Unbelievable

One of the newest offerings on NETFLIX, Unbelievable, is anything but. Based on the true story of a serial rapist who operated in Washington State and Colorado between 2008 and 2011, first told by ProPublica and The Marshall Project, the eight-part series uses a fictional version of events (very closely matching what really happened) to explore the way in which rape victims are treated by the criminal system.

I initially resisted watching the series for several reasons. I wasn’t sure there was much I would learn, given the work that I do every day. I also have become deeply tired of the commodification of sexual violence and worried that, however well-intentioned, Unbelievable might do the same thing. Then, of course, there is the matter of having to watch women being raped, even if the telling of the story has value.

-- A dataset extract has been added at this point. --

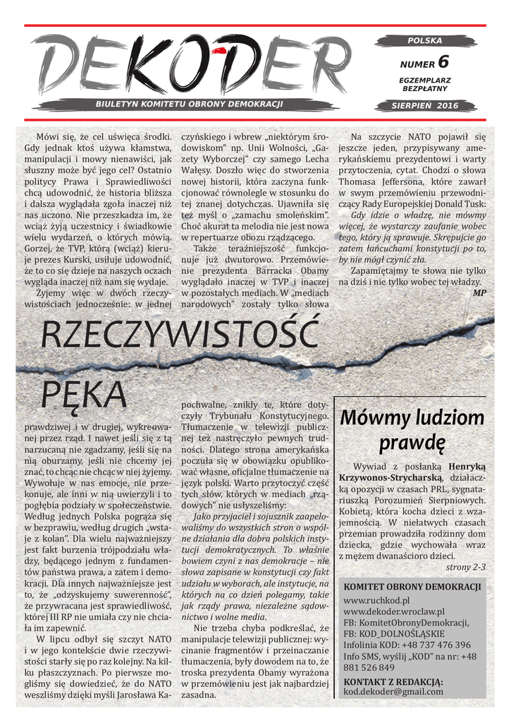 POLSKA NUMER 6 EGZEMPLARZ BEZPŁATNY BIULETYN KOMITETU OBRONY DEMOKRACJI SIERPIEŃ 2016 Mówi się, że cel uświęca środki. Gdy jednak ktoś używa kłamstwa, manipulacji i mowy nienawiści, jak słuszny może być jego cel? Ostatnio politycy Prawa i Sprawiedliwości chcą udowodnić, że historia bliższa i dalsza wyglądała zgoła inaczej niż nas uczono. Nie przeszkadza im, że wciąż żyją uczestnicy i świadkowie wielu wydarzeń, o których mówią. Gorzej, że TVP, którą (wciąż) kieruje prezes Kurski, usiłuje udowodnić, że to co się dzieje na naszych oczach wygląda inaczej niż nam się wydaje. Żyjemy więc w dwóch rzeczywistościach jednocześnie: w jednej czyńskiego i wbrew „niektórym środowiskom” np. Unii Wolności, „Gazety Wyborczej” czy samego Lecha Wałęsy. Doszło więc do stworzenia nowej historii, która zaczyna funkcjonować równolegle w stosunku do tej znanej dotychczas. Ujawniła się też myśl o „zamachu smoleńskim”. Choć akurat ta melodia nie jest nowa w repertuarze obozu rządzącego. Także teraźniejszość funkcjonuje już dwutorowo. Przemówienie prezydenta Barracka Obamy wyglądało inaczej w TVP i inaczej w pozostałych mediach. W „mediach narodowych” zostały tylko słowa Na szczycie NATO pojawił się jeszcze jeden, przypisywany amerykańskiemu prezydentowi i warty przytoczenia, cytat. Chodzi o słowa Thomasa Jeffersona, które zawarł w swym przemówieniu przewodniczący Rady Europejskiej Donald Tusk: Gdy idzie o władzę, nie mówmy więcej, że wystarczy zaufanie wobec tego, który ją sprawuje. Skrępujcie go zatem łańcuchami konstytucji po to, by nie mógł czynić zła. Zapamiętajmy te słowa nie tylko na dziś i nie tylko wobec tej władzy. MP prawdziwej i w drugiej, wykreowanej przez rząd. I nawet jeśli się z tą narzucaną nie zgadzamy, jeśli się na nią oburzamy, jeśli nie chcemy jej znać, to chcąc nie chcąc w niej żyjemy. Wywołuje w nas emocje, nie przekonuje, ale inni w nią uwierzyli i to pogłębia podziały w społeczeństwie. Według jednych Polska pogrąża się w bezprawiu, według drugich „wstaje z kolan”. Dla wielu najważniejszy jest fakt burzenia trójpodziału władzy, będącego jednym z fundamentów państwa prawa, a zatem i demokracji. Dla innych najważniejsze jest to, że „odzyskujemy suwerenność”, że przywracana jest sprawiedliwość, której III RP nie umiała czy nie chciała im zapewnić. W lipcu odbył się szczyt NATO i w jego kontekście dwie rzeczywistości starły się po raz kolejny. Na kilku płaszczyznach. Po pierwsze mogliśmy się dowiedzieć, że do NATO weszliśmy dzięki myśli Jarosława Ka- pochwalne, znikły te, które dotyczyły Trybunału Konstytucyjnego. Tłumaczenie w telewizji publicznej też nastręczyło pewnych trudności. Dlatego strona amerykańska poczuła się w obowiązku opublikować własne, oficjalne tłumaczenie na język polski. Warto przytoczyć część tych słów, których w mediach „rządowych” nie usłyszeliśmy: Jako przyjaciel i sojusznik zaapelowaliśmy do wszystkich stron o wspólne działania dla dobra polskich instytucji demokratycznych. To właśnie bowiem czyni z nas demokracje – nie słowa zapisane w konstytucji czy fakt udziału w wyborach, ale instytucje, na których na co dzień polegamy, takie jak rządy prawa, niezależne sądownictwo i wolne media. Nie trzeba chyba podkreślać, że manipulacje telewizji publicznej: wycinanie fragmentów i przeinaczanie tłumaczenia, były dowodem na to, że troska prezydenta Obamy wyrażona w przemówieniu jest jak najbardziej zasadna. Mówmy ludziom prawdę RZECZYWISTOŚĆ PĘKA Wywiad z posłanką Henryką Krzywonos-Strycharską, działaczką opozycji w czasach PRL, sygnatariuszką Porozumień Sierpniowych. Kobietą, która kocha dzieci z wzajemnością. W niełatwych czasach przemian prowadziła rodzinny dom dziecka, gdzie wychowała wraz z mężem dwanaścioro dzieci. strony 2-3 KOMITET OBRONY DEMOKRACJI www.ruchkod.pl www.dekoder.wroclaw.pl FB: KomitetObronyDemokracji, FB: KOD_DOLNOŚLĄSKIE Infolinia KOD: +48 737 476 396 Info SMS, wyślij „KOD” na nr: +48 881 526 849 KONTAKT Z REDAKCJĄ: [email protected] 2 Numer 6 | sierpień 2016 Mówmy ludziom prawdę wywiad z Henryką Krzywonos-Strycharską DEKODER: Jakie błędy popełnił poprzedni rząd, że ludzie oddali władzę takiej partii jak PiS? Henryka Krzywonos-Strycharska: Uważam, że zrobili jeden podstawowy błąd: nie pokazali co zrobili przez te osiem lat, nie pokazali jak się Polakom poprawiło życie. Nie zrobili wielu rzeczy, a przede wszystkim powinni podnieść ludziom stawki za godzinę. 500+ pokazało nam, że ludzie zrobią wszystko dla pieniędzy. Wygrało PiS, które w tej chwili nas niszczy, doprowadza do bankructwa i wcale się nie zdziwię, jeśli się okaże za rok, że jesteśmy drugą Grecją. Co musiałoby się wydarzyć, aby większość społeczeństwa powiedziała zdecydowane STOP? Aby obywatele zatrzymali tramwaj tej władzy? Myślę, że ludzie już niedługo będą wiedzieli, że coś się dzieje – zabraknie pieniędzy na 500+. Jeśli okaże się że nie mamy już z czego im zapłacić, bo już w tym roku są gminy, które nie mają pieniędzy na dalszą realizację Programu. Okaże się wtedy, że jeśli ludziom się coś odbiera, wtedy się buntują. Jarosław Kaczyński podczas promocji swojej autobiografii powiedział …zastępcą Lecha Wałęsy w Solidarności, potężną postacią faktycznie kierującą związkiem był mój brat. Jak skomentuje Pani te słowa? Nieprawda – pierwszym zastępcą Lecha Wałęsy był Andrzej Kołodziej, a drugim Bogdan Lis. I tego się nie da zmienić. Andrzej Kołodziej nie przeciwstawia się tym słowom, a powinien powiedzieć – przepraszam, to byłem ja. Ale tego nie robi. Dlaczego? Być może chodzi o to, że bardziej jest zwrócony w prawą stronę. Jak to się dzieje, że PIS tak łatwo przeinacza fakty, choć żyją wciąż świadk

However, I eventually gave in to the persuasion of a number of friends who assured me it was worth watching. While I remained unconvinced through the first couple of episodes, by the end of the series, I was glad I had watched it.

Stranger danger

My initial unhappiness was based on the plot: the hunt for a serial rapist. Of course, the central facts had to remain true to the story on which the series was based. However, I thought to myself, since stranger rape is far less common than rape by someone known to the victim, and serial rape a rare form of stranger rape, was this the story to tell? If one of the producers’ goals was to inform the public of the problems with police sexual assault investigations, would it not have been better to develop a series that examined how police treat victims when they are sexually assaulted by someone they know?

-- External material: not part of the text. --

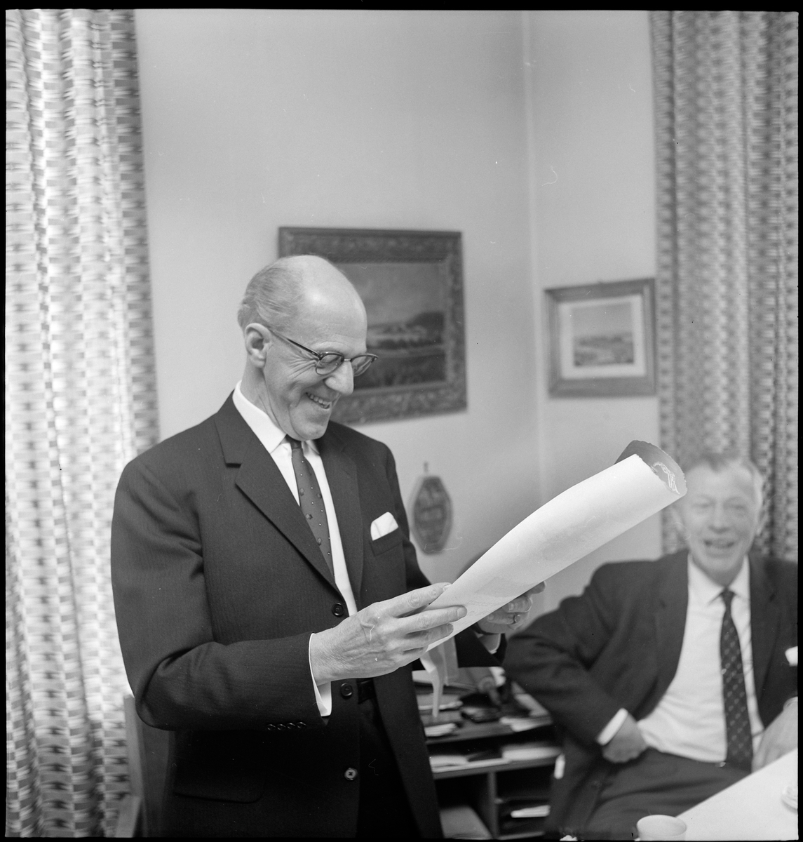 Titel: Bernhard Hjelm vid järnvägsmuseet avtackas.

In my experience supporting survivors of sexual assault, those survivors are treated with particular suspicion and disbelief; much more so than survivors of stranger assaults. Despite the overwhelming evidence to the contrary, we still live in a society that believes that the woman has at least some responsibility when a man she knows sexually assaults her.

Why not tell this story rather than the more easily sensationalized story of a serial rapist?

Avoiding sensationalism

As I continued to watch Unbelievable, I became increasingly engrossed in it and set aside this initial concern. Perhaps we do need a similar series about how survivors of sexual assault by men they know are treated but, I decided, that did not need to affect how I felt about this series.

There is a lot to say about it that is positive.

First, the series does not sensationalize sexual violence in any way.

Second, there are no long, explicit scenes of women being raped. As one reviewer noted:

“The series does not gloss over the violence of the attacks, but it doesn’t dwell on it either. Instead of re-enacting the rapes in full or leering at grisly crime photos, Unbelievable shows us flashes of what happened to Marie, Amber and the other women, a reflection of the way those suffering from PTSD recall snapshots of traumatic memories.”

We hear the most about the rapes from the women’s own voices, as they recount to the police and others what has been done to them.

Characters that feel real

Third in the plus column for this series is the way in which the main characters are portrayed. The women who survived being raped are not all Hollywood-style beauties. They are young, old and in between; slim and not; likeable and not. They, like real survivors of rape, often act in ways that make them less sympathetic to the viewer.

The two police officers – women – who doggedly pursue the case, despite less than enthusiastic support from their superiors at times, also offer some feminist role modelling. They are presented as competent and professional. They make mistakes. They argue, with one another and with others. The notion of women in leadership roles in the still very male world of policing comes across in an understated, matter-of-fact way and not as something extraordinary.

We see one juggling her responsibilities at work with those as a parent of a young child. Both have supportive male partners, who themselves have demanding jobs but nonetheless manage to put meals on the table and handle child care and other household responsibilities. These relationships are presented as though this is just what heterosexual partnerships can look like rather than leaving the viewer thinking: “Wow! What a great guy – he put the kid to bed all by himself.”

The survivors

This series is, at the end of the day, all about the survivors.

The rapist, in the television show as in real life, is eventually caught and charged with 30+ counts of rape. He pleads guilty and is sentenced to more than 300 years in prison. Some of the survivors ask to speak at the sentencing hearing, and it was this that I found the most powerful.

One says:

“I am scared all of the time, every minute of every day . . . You think it’s just one night, compared to all of the other minutes of my life, how could this one short incident make a difference? It does.”

Another asks of the rapist:

“Why did you pick me? What was I doing that made you want to come for me? I’m so scared of doing it again. . . . They say that routine can make you vulnerable, so anything routine I just stopped doing. It’s made my world very small. . . . If I just knew what it was, what I did, if I knew what that one thing was and I stopped doing it and then maybe I could get my life back again.”

As Hannah J. Davies writes in her review in The Guardian:

Unbelievable . . . is about who gets to have their story heard, who is allowed to be believed. It’s about the power dynamics that underpin the criminal justice system and society at large. “Am I in trouble?”, Adler [the first victim, who is not believed by the police] asks the police who take her first statements. The answer for her, and so many others like her, is a resounding yes.”